Promise par Nicolas Sarkozy, la réforme de la dépendance – un cinquième risque de la protection sociale à côté des branches maladie, vieillesse, famille et accidents du travail- sera votée avant fin 2010 et opérationnelle l’an prochain, a affirmé François Fillon.

Le gouvernement propose une aide financière immédiate

Le chef du gouvernement a annoncé pour une dizaine de départements en situation de difficulté urgente – qui auraient du mal à boucler leur budget d’ici la fin de l’année – la mise en place d’une mission d’appui et la signature de contrats de stabilisation. Ils incluront des mesures de soutien financier qui seront des avances financières remboursables. Pour les départements les plus en difficulté, il a avancé la possibilité d’une dotation non remboursable.

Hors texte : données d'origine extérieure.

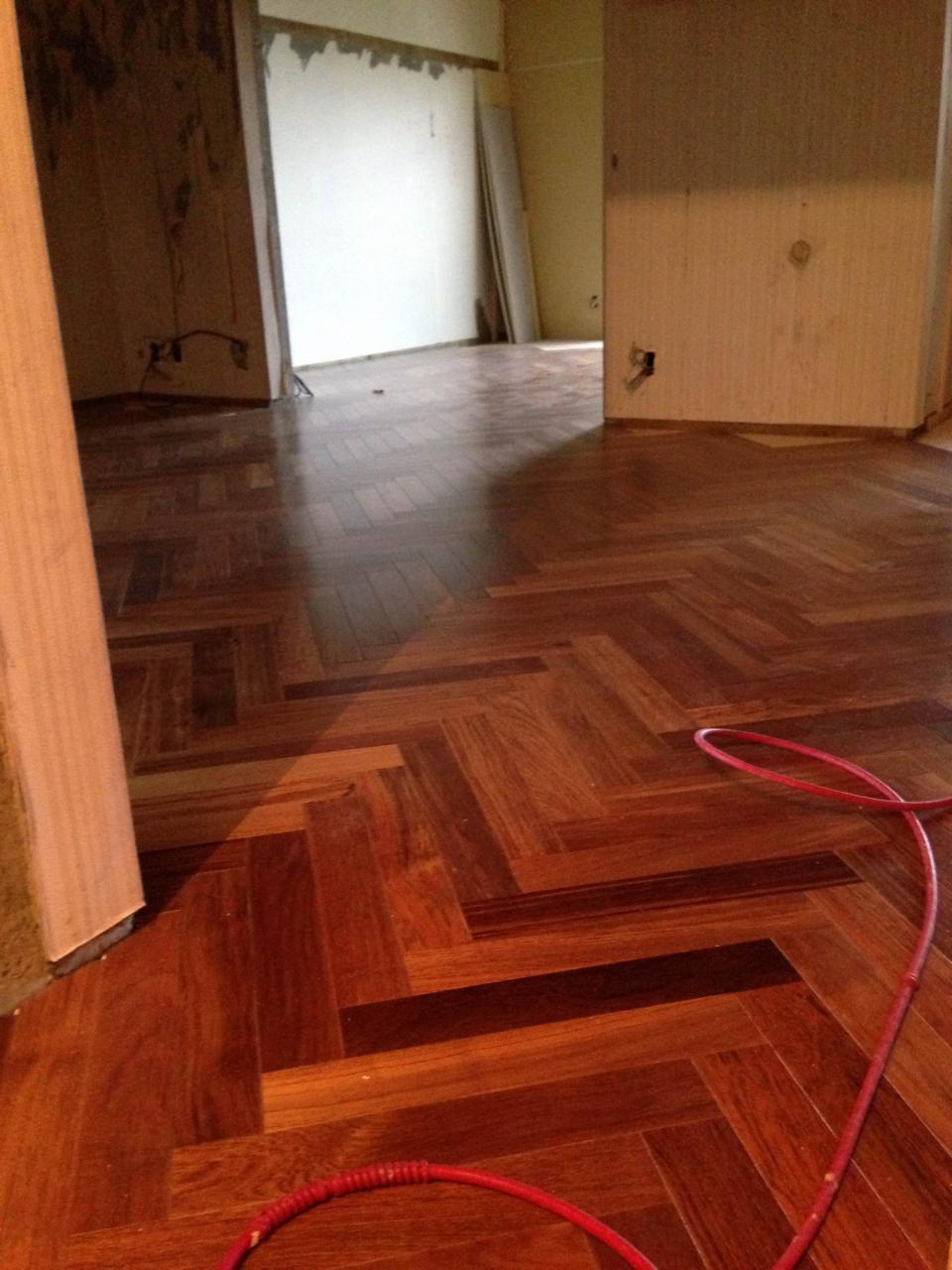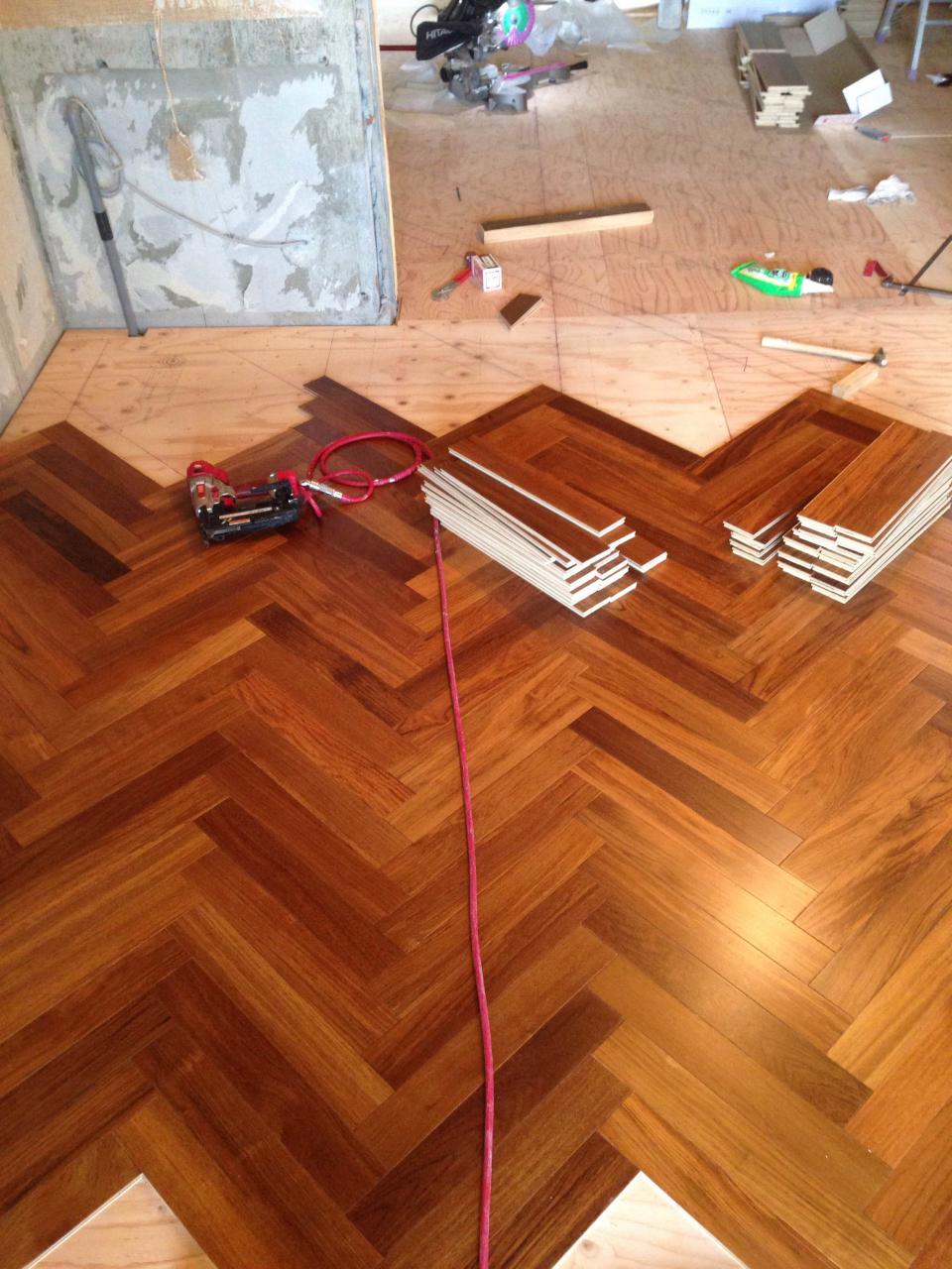 このフロアーは魚の骨のような貼り方で貼っていきます(^◇^)

François Fillon a également annoncé la mise en place de groupes de travail sur les 40 suggestions du rapport du directeur général des services du conseil général du Rhône Pierre Jamet, ainsi qu’une réflexion sur la question des normes.

Nicolas Sarkozy avait annoncé le 20 mai 2010 un moratoire sur les normes réglementaires ayant des conséquences sur les finances des collectivités (conception et sécurité des bâtiments publics par exemple). Le Premier ministre veut aussi étudier la remise en cause de normes anciennes y compris imposées par la voie législative.

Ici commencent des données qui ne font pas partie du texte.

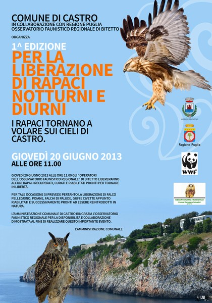 I rapaci tornano a volare sui cieli di Castro, Giovedì 20 giugno 2013 alle ore 11.00 gli Operatori dell’Osservatorio Faunistico Regionale di Bitetto libereranno alcuni rapaci recuperati, curati e riabilitati pronti per tornare in libertà.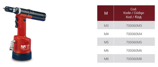 Rivettatrice oleopneumatica per inserti filettati Far Mod. KJ60 Rivettatrice oleopneumatica per inserti filettati in scatola di cartone con un sin...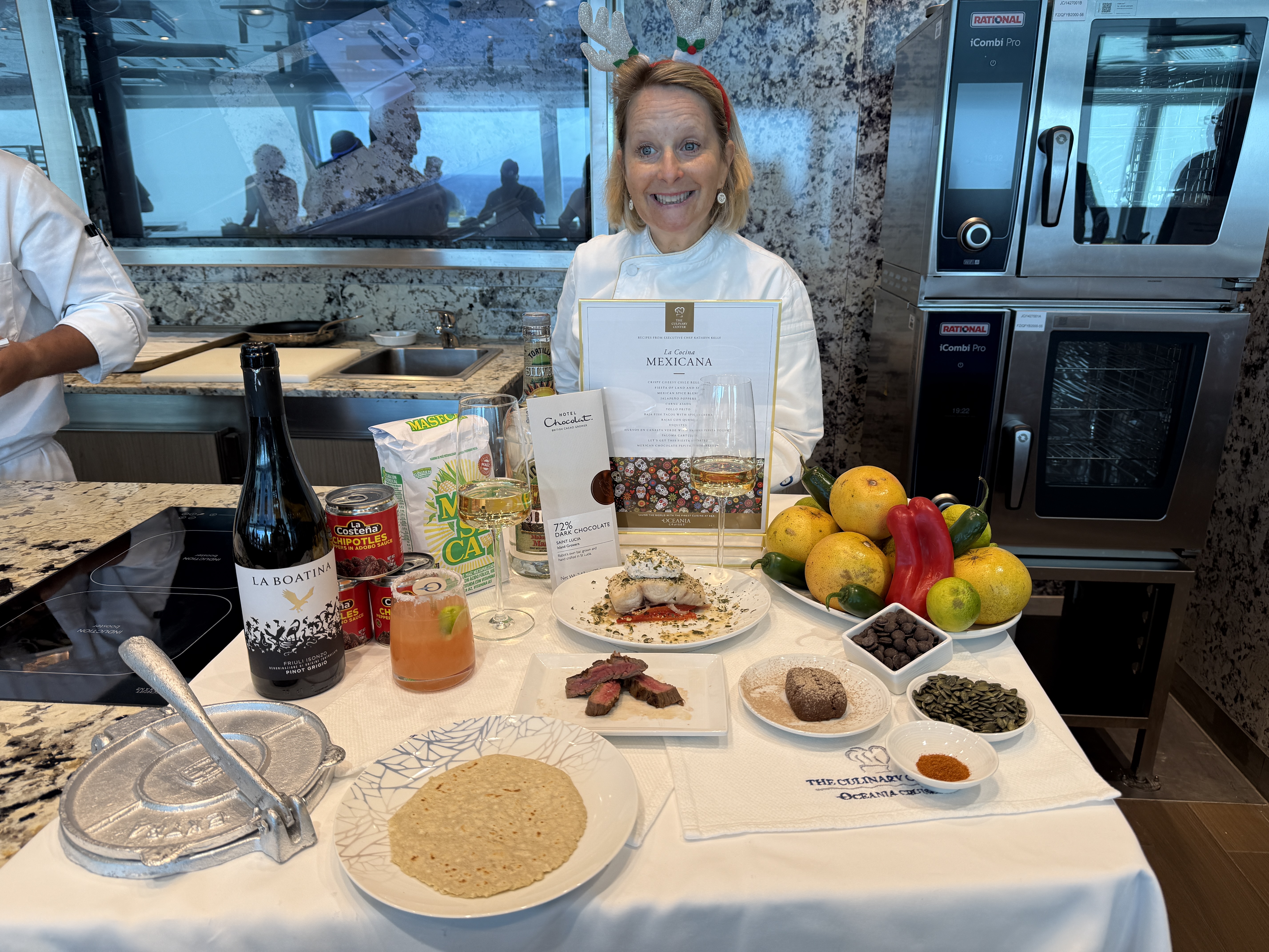 After doing yesterday’s blog I headed for my cooking class – La Cocina Mexican. Noelle was our instructor. We took classes with her last year and also on Marina before that. She’s really a great person and instructor. We caught her appearance on the Today show a couple of months ago.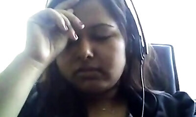 Bored Desi obese on webcam plays with her boobie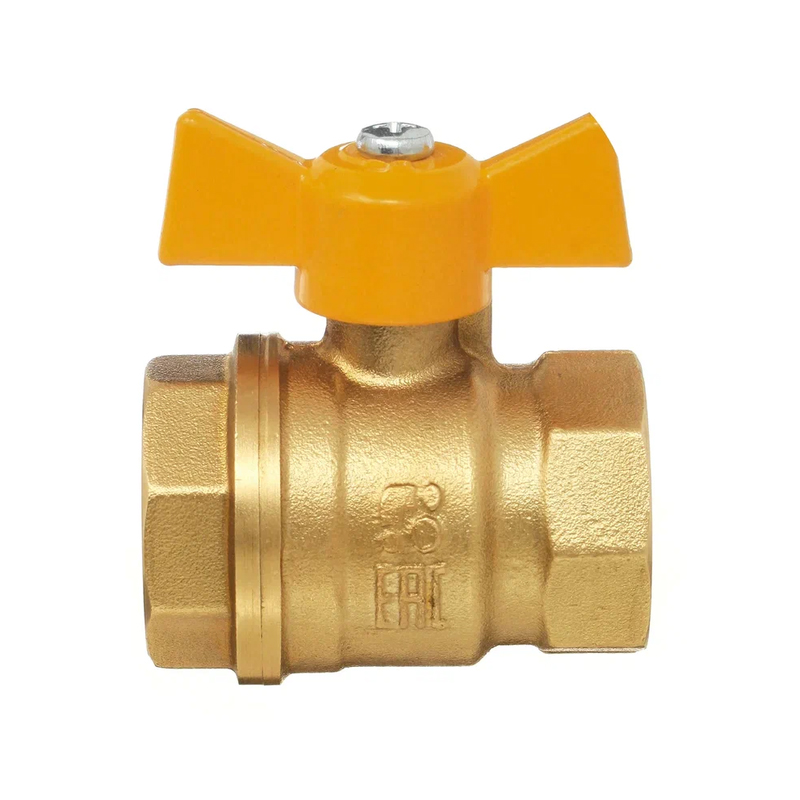 Кран шаровый БАЗ 1/2 г/г бабочка (ЖЁЛТАЯ) газовый 11Б27П Ду15 А 10/1 (1/60)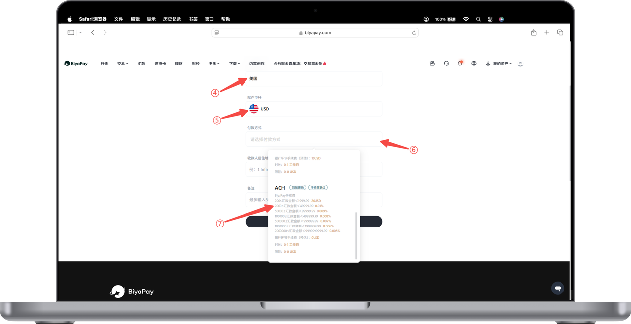 2.选择国家、币种、付款方式以后,可以查看到所选币种的单笔提现金额的范围。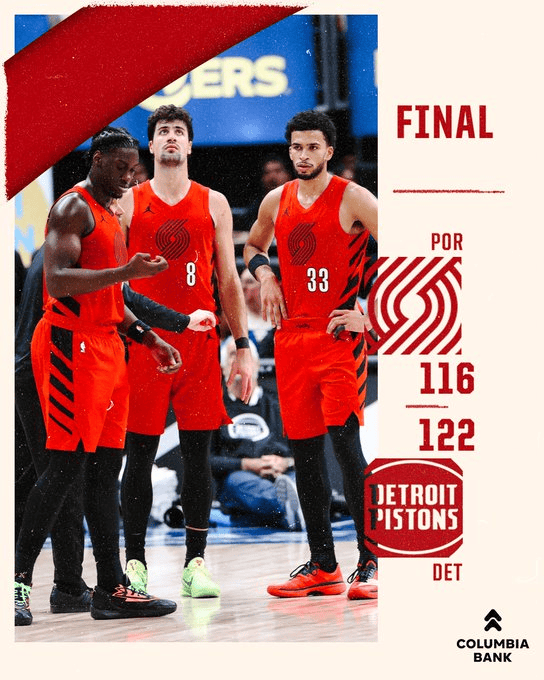 [流言板]開(kāi)拓者發(fā)布全場(chǎng)比分海報(bào):今日不敵活塞,戰(zhàn)績(jī)降至9勝14負(fù)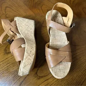 KorkEase Ava Sandals Platform Wedges Cork Tan Brown Heeled Sandal Camel Size 10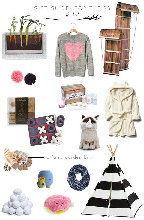 FOR KIDS: Wood Toboggan: Horne | Mini Infinity Scarf: Brika | Hair Clips: Brika | Tooth Fairy Box: Brika | Edible Chemistry Set: Think Geek | Bear Robe: Gap | Heart Sweater: Gap | Anytime Snow Balls: ThinkGeek | Mini Garden: ThinkGeek | Striped Tee Pee: Land of Nod | Tic Tac Toe: Land of Nod | Fairy Garden Set: Etsy | S’more Kit: Terrain | Grumpy Cat Toy: Urban Outfitters | Plush Donut: Nordstrom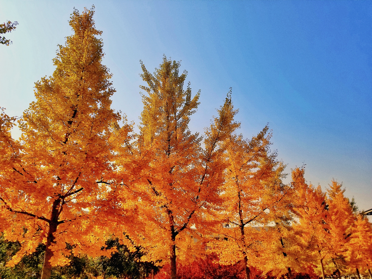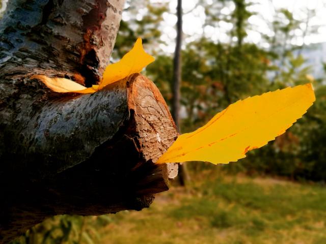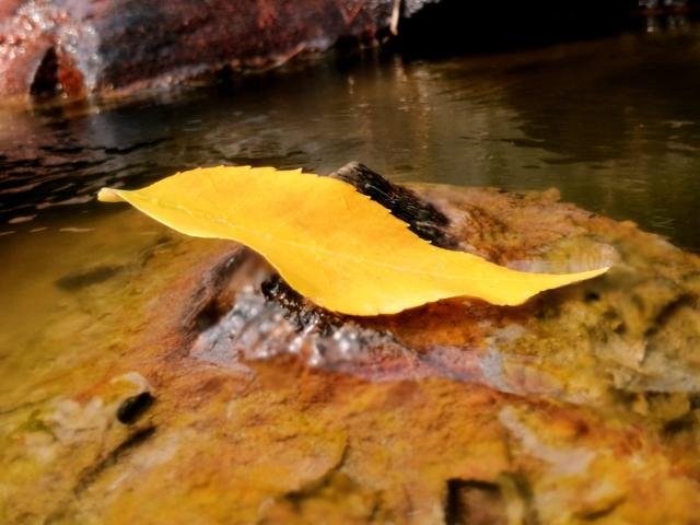 秋風吹過,層林盡染,金黃的落葉,落在地上,像鋪了一層黃地毯;落在水面,輕悠悠地,像小船,順風慢慢地蕩走。

Ces annonces sont intervenues à l’issue d’une rencontre à Matignon avec la commission exécutive de l’Assemblée des départements de France (ADF), conduite par Claudy Lebreton (PS), au sujet des finances départementales Le président de l’ADF, également président des Côtes d’Armor, s’inquiétait il y a quelques semaines que la situation financière de certains départements ne devienne catastrophique. Selon l’ADF, le déficit des départements liés au versement des trois allocations individuelles de solidarités (APA, PCH et RMI) atteint 5,5 milliards d’euros.

Des mesures insuffisantes pour Claudy Lebreton

Pour l’ADF, majoritairement à gauche, les propositions du gouvernement ne sont pas à la hauteur de la crise que les départements traversent.

Les réponses ne sont incontestablement pas à la hauteur, a réagi Claudy Lebreton. Il y a 28 départements en grande difficulté, alors que le gouvernement va en retenir une dizaine, et on ne sait pas encore lesquels et sur quels critères.

Il a aussi douté qu’une loi sur la dépendance votée avant la fin de l’année soit réellement applicable dès le début de 2011. Or si ce n’est pas le cas, il y aura des départements qui seront en cessation de paiement.

Les conseillers généraux n’en peuvent plus de tailler dans les dépenses. Et la grogne monte, attention à ce qui va se passer dans les semaines qui viennent. Moi je crains une situation explosive, a-t- prévenu.

Dans un communiqué daté du 1er juin 2010, Claudy Lebreton a annoncé une réunion dès la semaine prochaine des instances de l’ADF pour envisager les suites qu’il convient de donner à ce rendez-vous.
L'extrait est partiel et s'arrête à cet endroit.